As the United States nears 1 million deaths from Covid-19, a movement is growing to memorialize the astronomical loss of life and preserve their legacies.
Marked By Covid—a San Francisco-based nonprofit cofounded by Kristin Urquiza, who lost her 65-year-old father to Covid in June 2020—is campaigning to establish a federally recognized national holiday to memorialize victims of the pandemic. The grassroots organization is also working with cities nationwide to create physical monuments, as well as an augmented reality component dedicated to those who have been lost.
Marked By Covid’s proposal calls for local communities to install scalable monuments that can be customized to fit a community’s budget and available land.

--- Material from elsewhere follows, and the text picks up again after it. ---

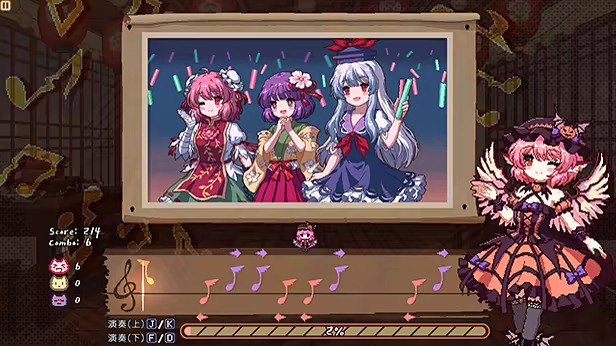 ——音楽を愛するとある神様から、幻想郷全域での音楽活動を広めようというオファーが届いた。あなたも音楽が好きなら、この招待に返信して、試験中のリズムアーケードを無料で手に入れることができる……!

Urquiza—who famously addressed the 2020 Democratic National Convention and declared that her father’s “only preexisting condition was trusting Donald Trump”—believes the pandemic has created a need to “democratize grief” and acknowledge what the country has been through. By comparison, the 1918 Spanish flu claimed an estimated 675,000 American lives (at a time when the U.S. population was 105 million), but given that it coincided with World War I, few memorials commemorate the dead.
“We cannot forget this tragedy,” says the 40-year-old Urquiza. “We owe it to the million people who lost their lives to remember and pass down to future generations the hard truth of our lived experience to prevent a tragedy like this from ever happening again.”
The Marked By Covid monument prototype consists of a small plinth with four accessible ramps that can be customized depending on its location. Based on the renderings, the base can be used as a place to lay flowers, photographs and candles to remember loved ones. The prototype was co-created with artist Marcos Lutyens and founder Brad Wolfe, whose nonprofit Reimagine helps people confront death and grief.